# What Plant is This?



## Tabby216 (Feb 20, 2013)

My sister just got back from hiking and she gave me these plants that came from a river. I'm cleaning it and going to let it stay in my fish-less tank but I don't know what type of plant this is lol

Anyone know?


----------



## lilnaugrim (Mar 27, 2013)

Looks like it might be a cousin of the Green Myriophyllum. I might be wrong about that though.


----------



## ao (Feb 29, 2012)

it does look like a myrio! 
keep us updated!


----------



## Tabby216 (Feb 20, 2013)

Ekk! I see little living things floating in my uncycled new aquarium! I think they might be snails because it looks like they have a tiny shell on them. My filter also has growth of green strings on it... omg do I need to buy a assassin snail to kill all of them? What do I do? O_O


----------



## lilnaugrim (Mar 27, 2013)

Can I see a picture of them? Or an attempted picture? lol

And is the algae IN or ON your filter? If it's in, that's fine, if ON then you can just scrape it off before a WC and then suck it up with your siphon.


----------



## Tabby216 (Feb 20, 2013)

lilnaugrim said:


> Can I see a picture of them? Or an attempted picture? lol
> 
> And is the algae IN or ON your filter? If it's in, that's fine, if ON then you can just scrape it off before a WC and then suck it up with your siphon.


There so tiny but I will try and its on the inside the filter like its covering the cartridge bag


----------



## Tabby216 (Feb 20, 2013)

I have been trying to take a pic of them but my camera sucks at making the pic clear. They look like brown dots right now but up close their shell looks like a size of a football a bit. Going to try a pick one up and put it out on a cup to get a clear view of it


----------



## lilnaugrim (Mar 27, 2013)

Ah okay, you can try the swish and rub method in either water you just took from the tank in a water change or just in conditioned water will be fine. But it's really not too big of a deal, just when it's in your tank, but then you can scrub it off.

EDIT: did you also have snails in there before or is this just something out of the blue?


----------



## Tabby216 (Feb 20, 2013)

Oh this doesn't look like a snail when I took it out....more like a bug...ugh


----------



## Tabby216 (Feb 20, 2013)

lilnaugrim said:


> Ah okay, you can try the swish and rub method in either water you just took from the tank in a water change or just in conditioned water will be fine. But it's really not too big of a deal, just when it's in your tank, but then you can scrub it off.
> 
> EDIT: did you also have snails in there before or is this just something out of the blue?


I just started noticing them today and I have never had any snails in there just plants from a river


----------



## lilnaugrim (Mar 27, 2013)

Okay, yeah those are normal. But generally you get them while cycling, it's a good sign. Have you begun the cycle yet?

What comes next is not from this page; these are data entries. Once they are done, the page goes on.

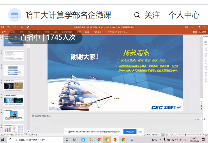 为深入宣传贯彻习近平总书记关于网络强国的重要思想,宣传贯彻习近平总书记对网络安全工作“四个坚持”的重要指示,2021年10月16日,乐天使邀请中国电子信息产业集团有限公司第六研究所网络测量室副主任、正高级工程师苏马婧老师为员工带来一节线上微课程——《绘制网络空间地图,保卫第五疆域安全》。本次课程由乐天使团委副书记、辅导员董如月老师主持,来自全校各公司(部)的同学通过小鹅通平台参与听课,累计在线听课达到1745人次。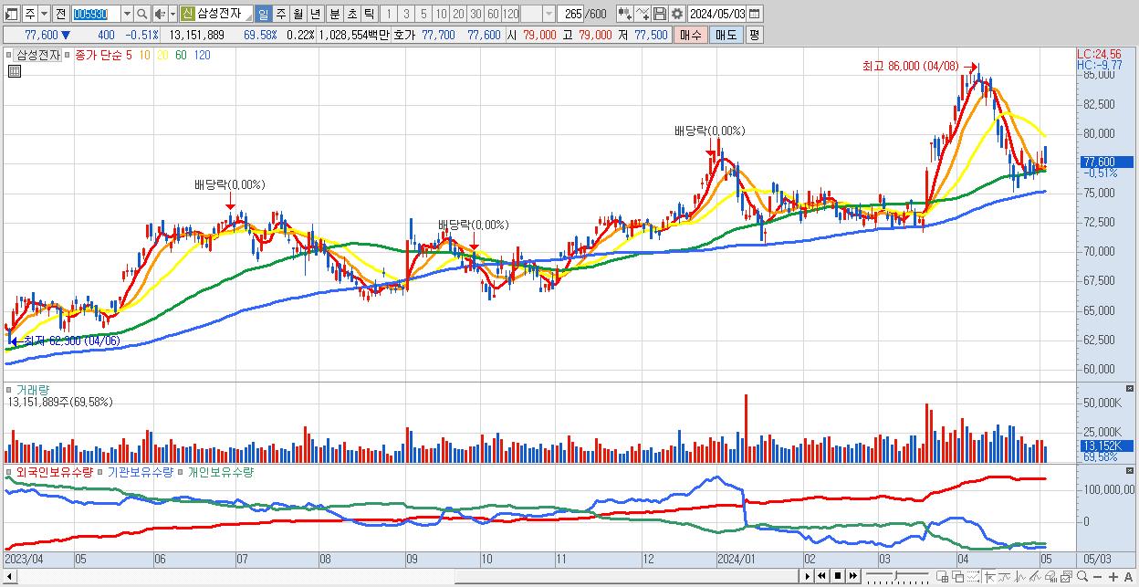 1.삼성전자 77,600원 ▼ -0.51% (KOSPI, 005930)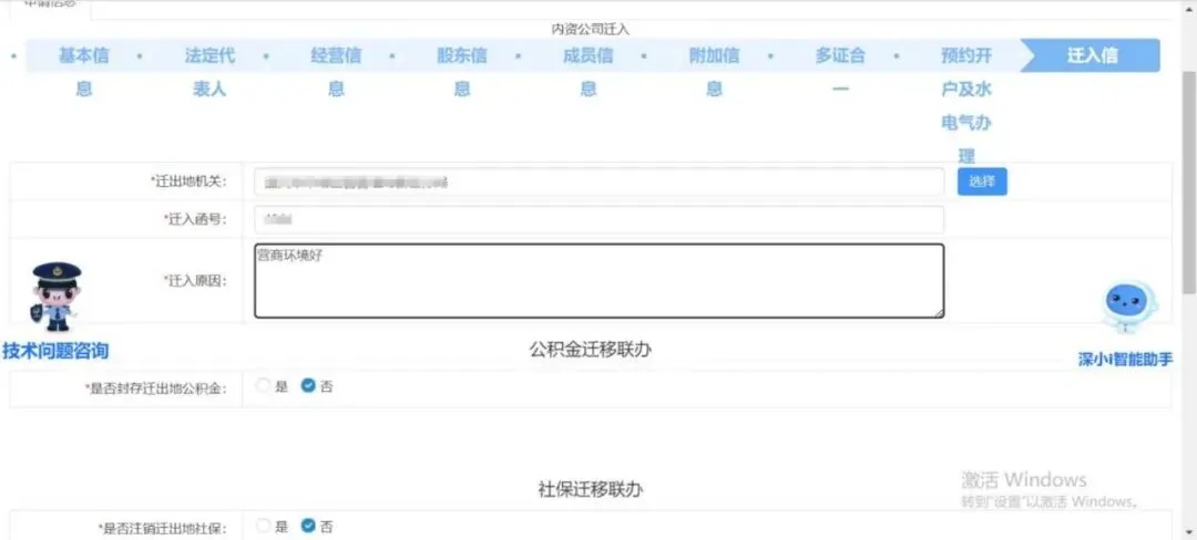第九步:迁入信息填写。用户需填写迁出地机关、迁入涵号、迁入原因。若选择公积金迁移联办,会封存迁出地公积金;若选择社保迁移联办,会注销迁出地社保。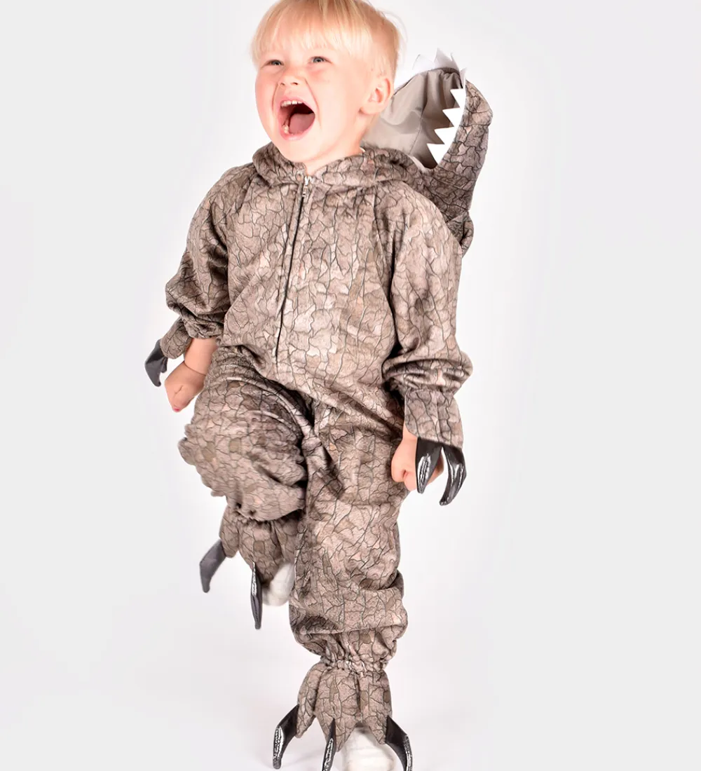 Livagtig Den Goda Fen udklædning, som forestiller en farlig, brun spinosaur med skæl print og skinnende klør samt en lang, polstret hale og rygfinne.

Also here are some close ups of some "bug" creatures that your tank can get. It's most likely a Copepod.

EDIT: Darn it, forgot the link again. Here you go: http://www.planetinverts.com/what_is_that_bug_in_my_aquarium.html


----------



## Tabby216 (Feb 20, 2013)

Oh my god really! For a moment I thought I had to tear the tank apart and do a bleach clean on it. Yeah its during the process of cycling, should I put the bug back inside or is it already dead by being out of the water? lol


----------



## lilnaugrim (Mar 27, 2013)

Eh, you can just do whatever you want with it. Toss it back in or toss it outside. More might come but they don't benefit, nor do they harm your cycle. So it's all up to you


----------



## Tabby216 (Feb 20, 2013)

Okay thanks!


----------